Lets start with this matrix, where elements tell their indexing:

mat = [
  ['00', '01', '02'],
  ['10', '11', '12'],
  ['20', '21', '22'],
  ['30', '31', '32']
]

And define an helper method just to get the shape of the matrix and to check which is well formed:

def shape(mat)
  raise 'Out of shape' if mat.map(&:size).uniq.size > 1
  return mat.size, mat[0].size
end

Implementation

Now, let's define a method that takes as input the starting point, the limits of the matrix (shape) and the direction.
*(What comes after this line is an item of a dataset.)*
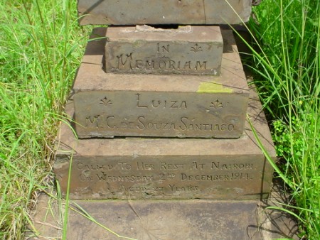 - Inscriptions:in memoriam / Luiza / M C de Souza Santiago / called to her rest at Nairobi / on Wednesday 2nd December 1914 / aged 27 years / mourn not friends and relatives dear / I am not dead but in another sphere / I was destined not for you alone / God called me early to make me his own / R.I.P.
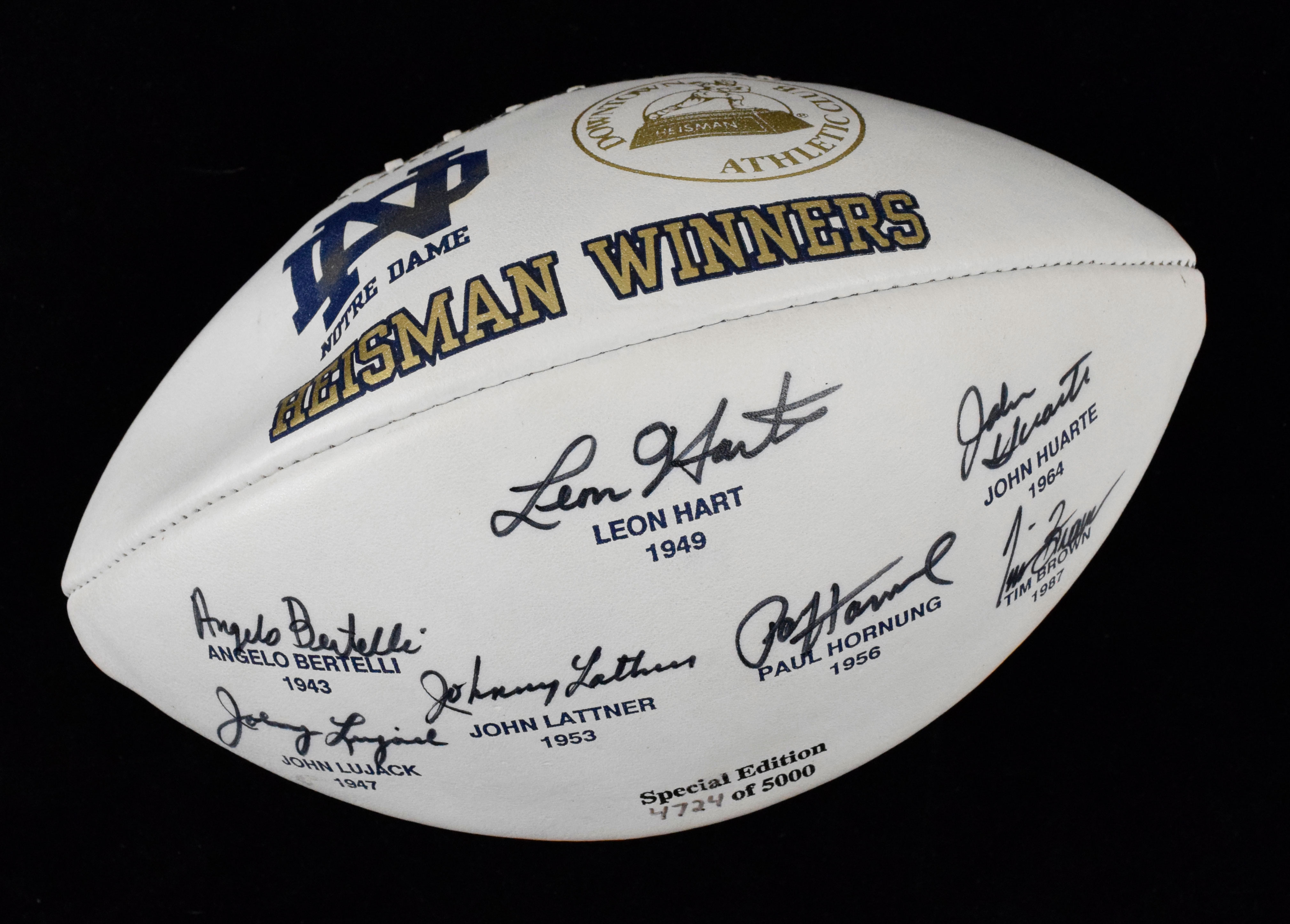 Description:Notre Dame Heisman Winners multi-signed special edition football, with Lujack, Hart and Hornung (Sigs. MT). Excellent Notre Dame Downtown Athletic Club Hiesman Winners special edition football (#d 4724/5000) has been signed in black marker by the university's seven Heisman winners: Angelo Bertelli, Leon Hart, Johnny Lujack, John Lattner, Paul Hornung, John Huarte and Tim Brown, rating 9 out of 10. Ball is mostly deflated, and it is unknown if it will hold air: VG.

def walk(i_0, j_0, i_max, j_max, direction, res=[])
  d_i, d_j = direction
  next_step = [i_0 + d_i, j_0 + d_j]
  if [-1, i_max].include?(next_step[0]) || [-1, j_max].include?(next_step[1])
    return res
  end
  res << next_step
  i_0, j_0 = next_step
  walk(i_0, j_0, i_max, j_max, direction, res)
end

The method returns the list of indexes starting from the origin and walking along the direction.

Usage examples

Example 1

i_0, j_0 = [2, 0]
i_max, j_max = shape(mat)
direction = [-1, 1]
walk(i_0, j_0, *shape(mat), direction)
#=> [[1, 1], [0, 2]]

Example 2

You can use it to extract the indexes given a list of directions.

It's possible to arrange the list of directions to give a scan order (clockwise, cclockwise) or just skip some directions, as you will.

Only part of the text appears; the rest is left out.